Medet Sadyrkulov, a former presidential chief of staff, is believed to have died at dawn on March 13 in a head-on collision with another car outside the capital, Bishkek, police said.

Opposition leader Omurbek Tekebayev said Sadyrkulov, 55, developed close ties with the opposition lately and planned to join them soon to counter President Kurmanbek Bakiev's rule.

"It was a political murder," said Tekebayev, leader of the Ata Meken opposition party. "He planned to join the opposition along openly with a group of government officials...He was capable of raising funds to organize mass protests."

The government said the opposition was trying to use his death for their own political reasons.

"We have yet to receive the results of forensic tests. It is premature to call it a political murder," said Almaz Turdumamatov, a Bakiev spokesman. "The opposition wants to use this case for its own political purposes."

Police say it may take weeks to identify the charred body but the case has already stoked tensions in the ex-Soviet state.

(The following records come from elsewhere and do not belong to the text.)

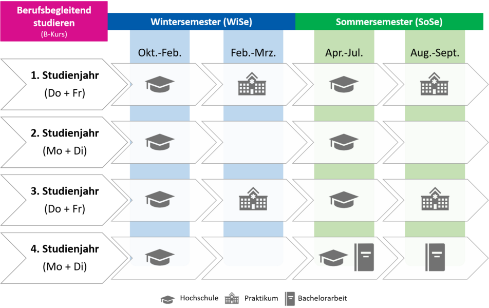 Die Präsenzzeiten des Bachelorstudiengangs sind so organisiert, dass Module an zwei langfristig festgelegten Tagen in der jeweiligen Semesterwoche stattfinden (Montag/Dienstag oder Donnerstag/Freitag).
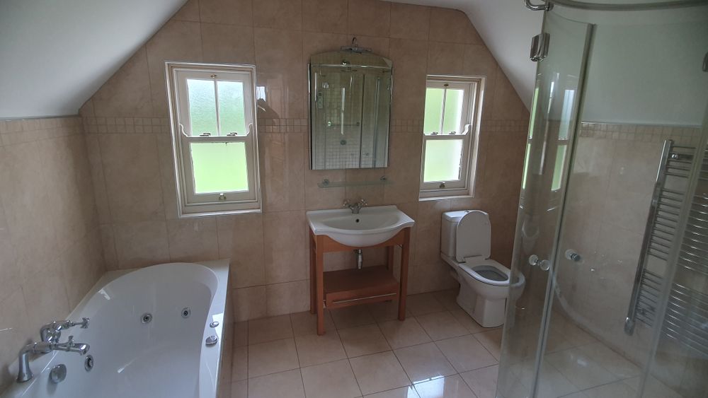 Walk in wardrobe, Ensuite with W.C., W.H.B., Shower, bath tiled floor and walls
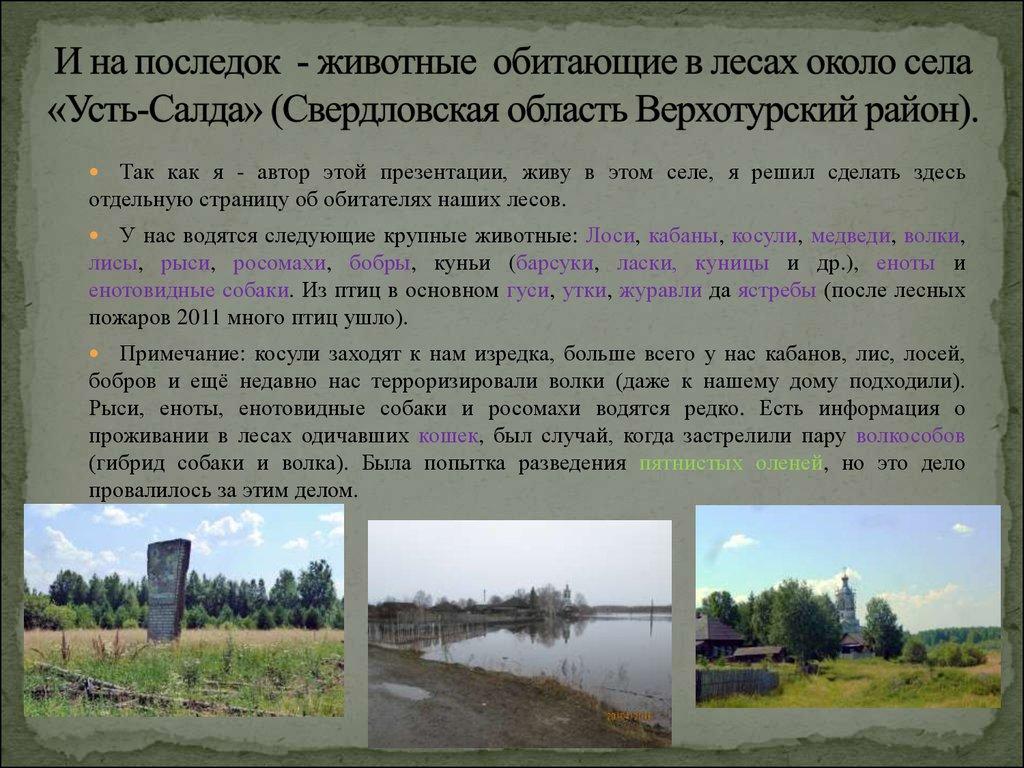 Так как я - автор этой презентации, живу в этом селе, я решил сделать здесьотдельную страницу об обитателях наших лесов.
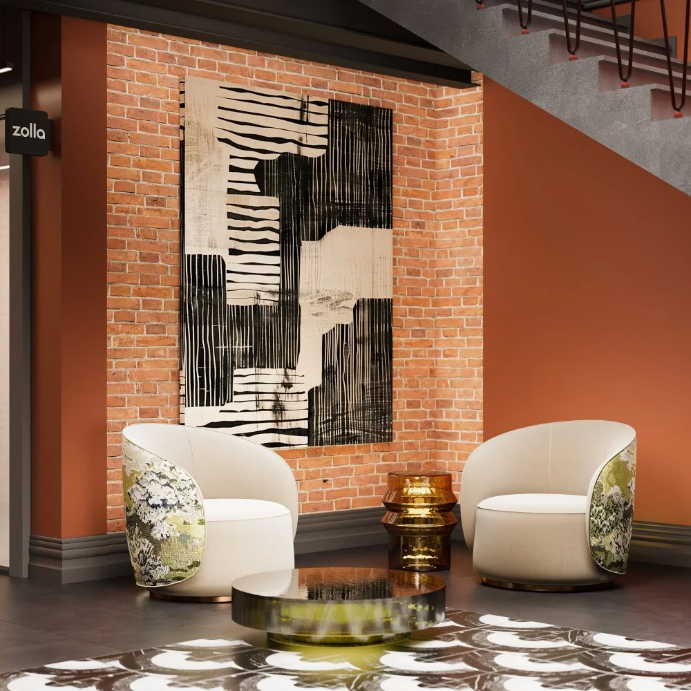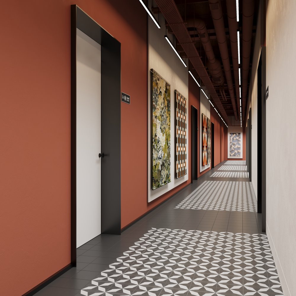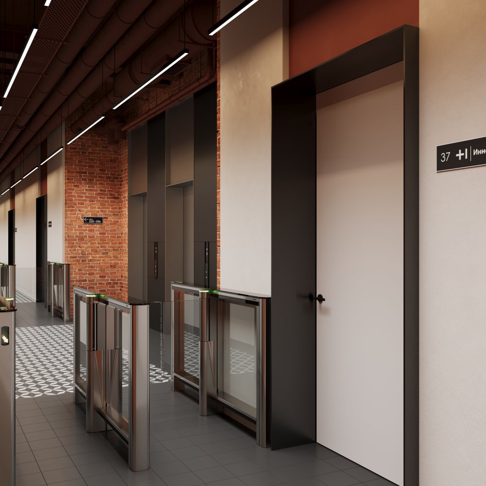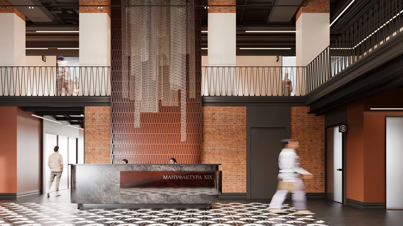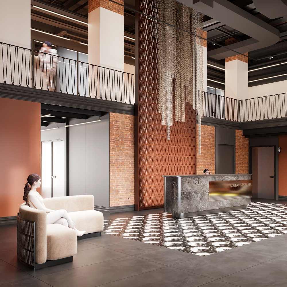 Офисы занимают два этажа небольшого и уютного здания, ещё на двух расположена ретейл-галерея. В деловом центре создано эстетичное лобби с выдержанным дизайн-кодом. Сохранённый подлинный кирпич в отделке пространства возвращает к истории места. Стойка ресепшен оформлена мрамором, также в зоне лобби использованы тканые гобелены и керамогранит.
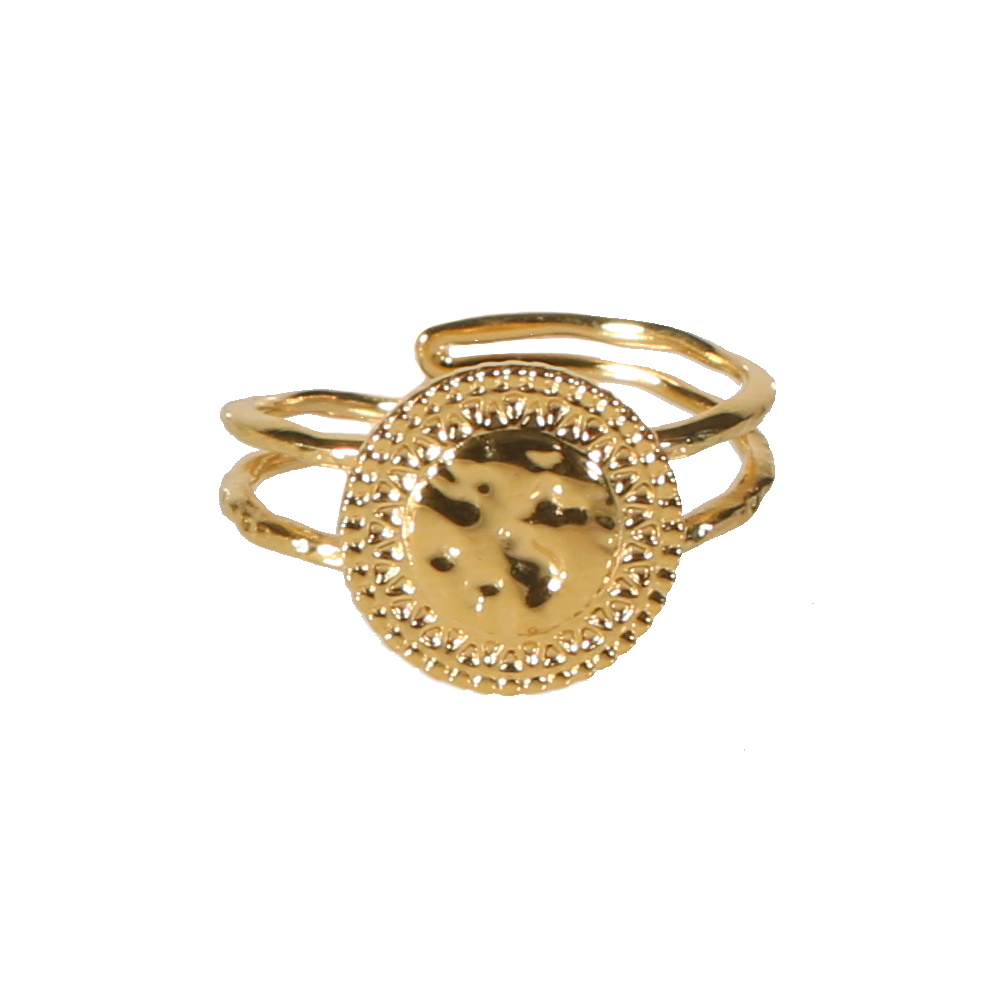 Description Bague surmontée d'une pastille martelée en acier doré. Taille ajustable. Largeur 12 mm Matière(s) Acier . L'acier utilisé dans la bijouterie existe sous plusieurs qualités. Nous utilisons principalement la qualité 316L, qualité qui est utilisée en chirurgie. Cet acier est donc inoxydable et reste très résistant. Fermoir Aucun Couleur(s) dominante(s) Doré Public Adolescent , Adulte . Genre Femme , Fille . Saison Indémodable . Cliquez sur une matière, un thème, une couleur ou une collection pour voir tous les articles associés.
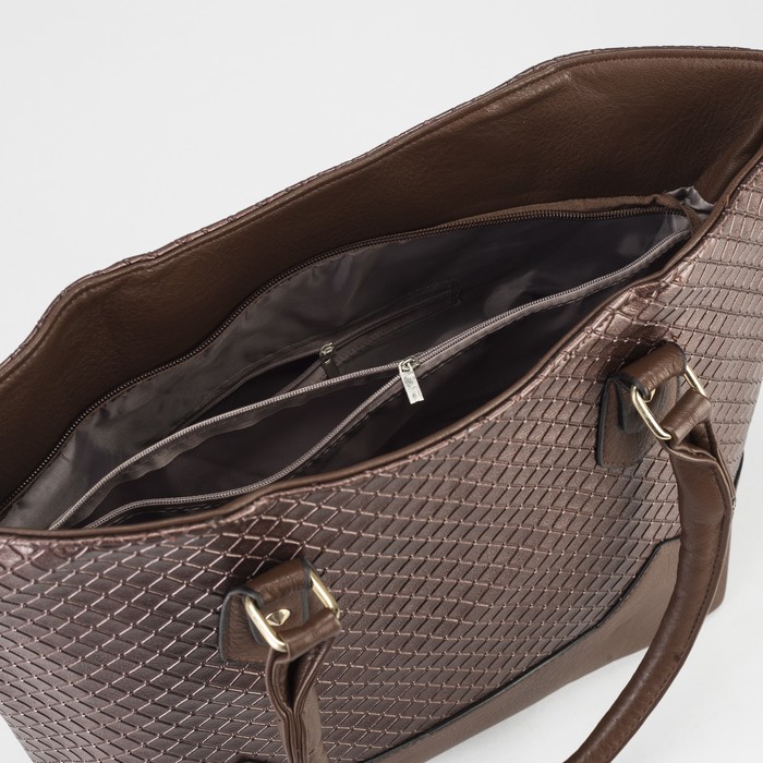 Сумка женская на молнии, 1 отдел с перегородкой, наружный карман, коричневая
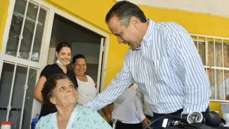 Antonio Astiazarán Gutiérrez, alcalde de Hermosillo, visitó la colonia Magisterial donde residen María Socorro Villa Durán, de 81 años de edad, y su nieto Francisco Javier Jiménez Pinelli, de 27, con parálisis cerebral, quienes fueron los primeros beneficiados del programa 'Salud H en tu Casa'.
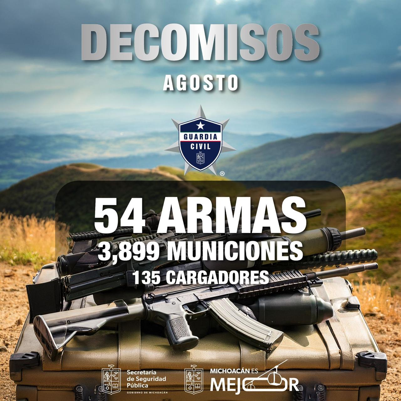Resultado de los operativos coordinados entre la Guardia Civil, la Secretaría de la Defensa Nacional (Defensa) y autoridades estatales, se logró el decomiso de 30 armas largas y 24 cortas, además de 135 cargadores y 3 mil 899 municiones.
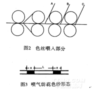 如圖2所示,將低強有色長絲自A部位(或B、C部位)喂人牽伸裝置,有色長絲被規律性地拉斷,經加捻器加捻后,包纏在主體紗條上,形成獨特的噴氣紡花色紗。需要注意的是,有色長絲必須在主棉條的兩旁部位喂人,如在中間部位喂入,則不能保證拉斷的有色長絲準確地包纏在主體紗條的外部,有色長絲的顯色效果會下降,紡出的花色紗顏色將會變渾。
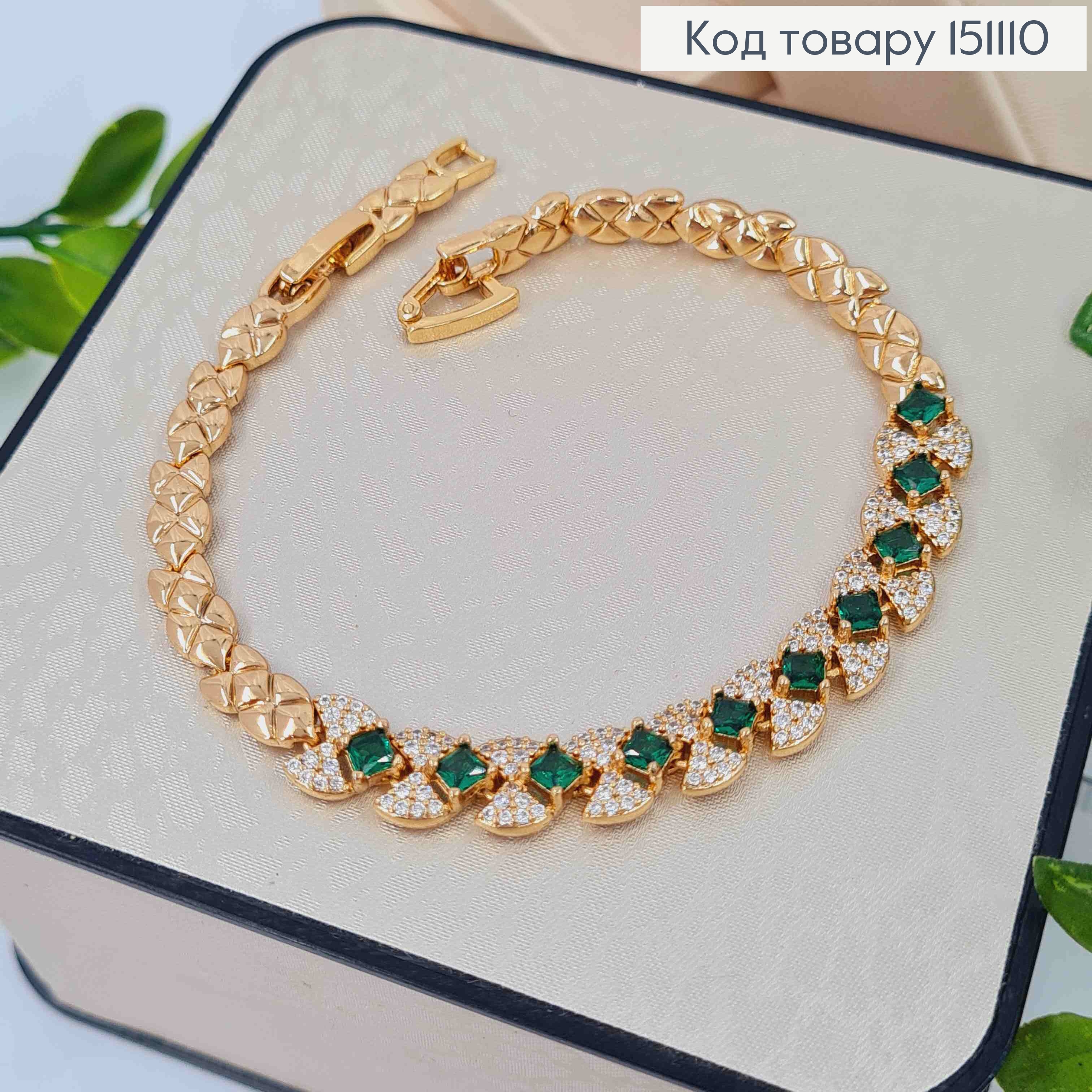 Браслет "ГРАЦИЯ" с Зелеными камешками, длина 17+2,5см, Xuping 18K

Two other people are also feared dead in the crash.

The accident in which Sadyrkulov died
The car crash was the latest in a string of incidents in the mainly Muslim nation ahead of a presidential poll expected either this year or next. The opposition has accused Bakiev, who plans to run, of trying to remove potential rivals in the runup. The government has denied opposition allegations.

A disputed parliamentary election in 2005 triggered violent protests in Bishkek that forced long-serving leader Askar Akaev to flee the country and brought Bakiev to power.

'Gray Cardinal'

Sadyrkulov, who quit as head of Bakiyev's administration in January, has never publicly criticized Bakiev and often mediated efforts to mend bridges between him and the opposition.

Described in domestic media as the "gray cardinal" of Kyrgyz politics, he later turned down a Bakiev offer to become his foreign minister but remained active in politics.

Earlier this week, Alikbek Jekshenkulov, a former foreign minister and a Bakiyev critic, was charged with complicity to murder in a case the opposition said was politically motivated.

In another case, an opposition journalist was badly stabbed by unknown attackers outside his office this month.

Kyrgyzstan has been described as relatively liberal compared to some of its more authoritarian neighbors.

But Bakiyev has tightened his grip on power in past years, overseeing a 2007 parliamentary poll in which his party won the majority and which was criticized as rigged by the opposition.

"The reign of terror is taking over the country," said Cholpon Jakupova, a human rights defender. "All dissent is being eliminated."